Gideon Rachman has an excellent essay on what goes wrong when you start treating people as members of a group, not as individuals:

An interesting example of the kinds of problems that are thrown up by group-based thinking is a current lawsuit brought against Harvard University for alleged discrimination against Asian-Americans. The complainants argue that Asian-Americans have to achieve better test scores, on average, to get into Harvard and are often marked down on vague measures of personality. This, it is argued, allows Harvard to boost student numbers from other more favoured groups, such as African-Americans, Hispanics and the children of Harvard graduates. Harvard contests the charges.

Even if discrimination is proved, it will have stemmed largely from a well-meaning motive — to increase diversity on campus. The trouble is that it seems logically impossible to discriminate in favour of one group without discriminating against another. The controversy is uncomfortably reminiscent of an earlier era, when Harvard deliberately restricted the number of Jews. That is now regarded as a disgraceful episode; but it is hard to see why it is much different from discriminating against Asian-Americans.

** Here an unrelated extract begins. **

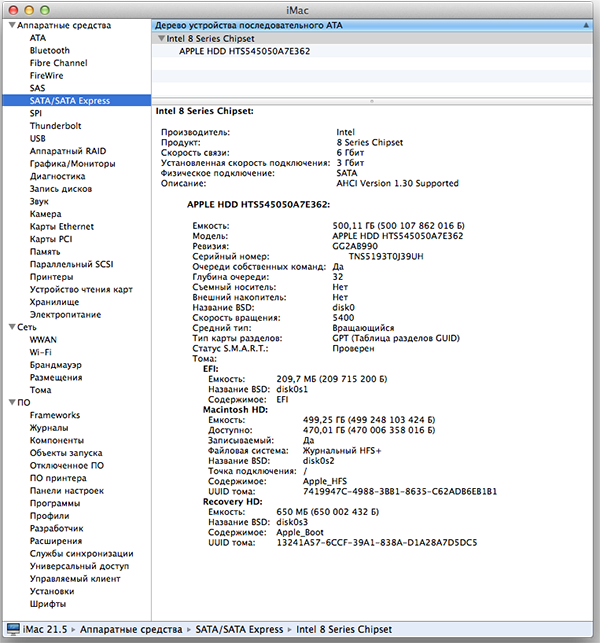 Что касается накопителя, то в младшей модели нового iMac установлен жесткий диск Apple HDD HTS545050A7E362 объемом 500 ГБ. Опционально возможна конфигурация с HDD-диском объемом 1 ТБ, а также с гибридным накопителем Fusion Drive емкостью 1 ТБ либо SSD-накопителем емкостью 256 ГБ.

Anti-Semitism and anti-Asian bigotry are equally offensive, even if these two cases result from very different impulses.  The pre-war anti-semitism reflected the cultural anxieties of America’s dominant WASP ethnic group.  It was basically a right wing idea.

Harvard’s current bias against Asian-Americans reflects a left wing ideology.  It begins with the awareness that certain ethnic groups have been cruelly discriminated against throughout history.  From that correct premise it reaches the incorrect conclusion that modern income inequality must be the product of current discriminatory practices, and that ethnic groups that are doing well are benefiting from some sort of unfair “privilege”.  Actually, many of the Asian students who attend Ivy League schools are the children of immigrants with very modest incomes.

It would be nice if the right had switched positions and was now opposed to this sort of identity politics.  Unfortunately, they have gone back to the “America First” nationalism of the interwar years:

In a conversation that actually makes Trump sound reasonable, he tells Bannon that he’s concerned about foreign Ivy League students, highly skilled and otherwise capable of working for or starting their own tech companies, graduating and then returning to their home countries. “When someone is going to Harvard, Yale, Princeton, Penn, Stanford, all the greats” and then graduate, “we throw them out of the country, and they can’t get back in,” he said. “We have to be careful of that, Steve. You know, we have to keep our talented people in this country.” To which Bannon replied: “Um.” Trump tried to get Bannon to agree with him, but to no avail. Instead, Bannon suggested there were already too many Asian tech C.E.O.s. in Silicon Valley. “When two-thirds or three-quarters of the C.E.O.s in Silicon Valley are from South Asia or from Asia, I think . . . ” Bannon said, trailing off. “A country is more than an economy. We’re a civic society.”

Steve Bannon was later made a key advisor in the Trump administration, despite Trump’s awareness of his anti-Asian bigotry. And Bannon seems to have convinced the President to change his views on the immigration of highly skilled workers (who are mostly Asians.)  In addition, the red hot rhetoric surrounding Trump’s trade war with China seems to have inflamed prejudice against Chinese-Americans.  (In fairness, Trump’s attacks are not directed against Chinese-Americans, but the rhetoric certainly has an effect on some of his followers.)